When Cabinet finally authorized accession to the Convention and Protocol in 1969, it approved the formation of an ad hoc committee of officials with a mandate to advise the Minister of Immigration on the validity of claims to refugee status advanced by people identified in an Immigration Inquiry as not having a right to remain in Canada. This was a device used to prevent Convention Refugees from being ordered deported and to keep manifestly meritorious cases away from the Immigration Appeal Board which remained the only statutorily authorized body to hear a claim to refugee status.
The committee was later given statutory standing as the Refugee Status Advisory Committee (RSAC), in the 1976 Act and was made independent from the department by Lloyd Axworthy in 1982. But its function did not change and claimants failed by the RSAC remained eligible to have the refusal reconsidered by the Immigration Appeal Board
Cabinet had to address asylum policy anew in the wake of the 1985 Supreme Court decision in the case of Satnam Singh. Writing for the majority, Mme Justice Bertha Wilson found that neither the RSAC nor the Immigration Appeal Board processes for dealing with refugee claims fulfilled the right to due process of law guaranteed to all persons in Canada by the Bill of Rights and the Charter of Human Rights and Freedoms. This led to two pieces of legislation, Bill C 55 and Bill C 84 which among other things created an independent tribunal, the IRB, to provide for oral hearings of refugee claims. The legislation also accorded the right to apply for permanent residence to those whose claims were ultimately determined to be well founded by the IRB.
The legislation also authorized denial of access to the claims system to those persons attempting to enter Canada from listed signatory countries deemed safe for refugee claimants – the safe third country principle. While article 31 of the Convention is generally regarded as constraining signatories from invoking immigration sanctions against Convention Refugees, there is no obstacle to removal of Convention Refugees not lawfully on their territory to a country that does not threaten them with persecution providing they can be admitted to that country. This principle has been deemed compliant with the obligations of signatory countries by the UNHCR and the application of it in Canada has been upheld by the Supreme Court.
Members of the Interchurch Committee for Convention Refugees, the Table de Concertation and the Immigration Bar had lobbied hard in pursuit of a more open system available to anyone who wanted to claim refugee status that would operate independently from the removal process. They also argued for the removal of controls such as visa requirements and fines on transportation companies that brought people to Canada without appropriate entry documents because this prevented some asylum seekers from travelling to our border. But after protracted consideration of the alternatives, the Cabinet settled on a process that would only be open to those who could demonstrate a prima facie need for Canada’s protection – those for whom Canada is their only means of attaining protection from refoulement.

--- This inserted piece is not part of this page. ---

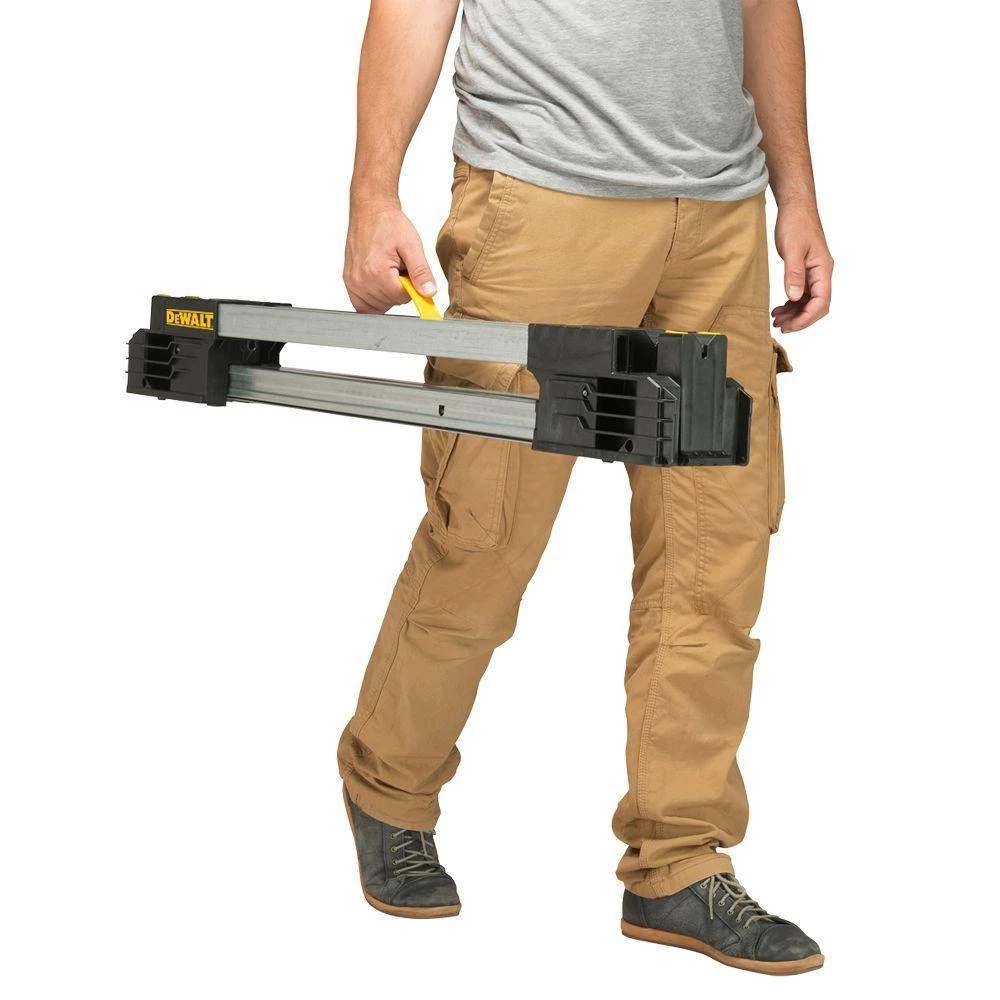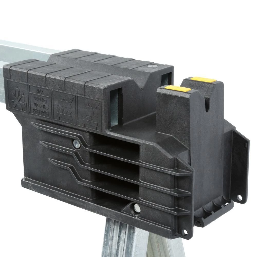 DeWALT has a well-earned reputation for designing and manufacturing the world’s most reliable and best-performing professional-grade power tools. Every product is forged with DeWALT’s unwavering commitment to producing tools and accessories that can withstand harsh jobsite conditions and meet the unyielding day-to-day demands of professional contractors. Now, DeWALT has applied that same no-nonsense, Guaranteed Tough philosophy to this new Metal Folding Sawhorse. This exclusive DeWALT Metal Folding Sawhorse has a robust structure specially designed to provide versatility uses with trigger clamps, 2 X 4 and v-groove, covering many applications required at the jobsite! When clamping onto 2 sawhorses can create a wide working center. This way all necessary jobs can be done on the surface.

Despite these efforts to buffer the refugee determination system from an excess of claims and the use of methods to fast track meritorious claimants though the system, the IRB has never been able to keep pace with demand on its capacity. The search for a fair system that renders decisions promptly and efficiently and is immune from abuse by individuals looking to game the system for purposes other than international protection continues.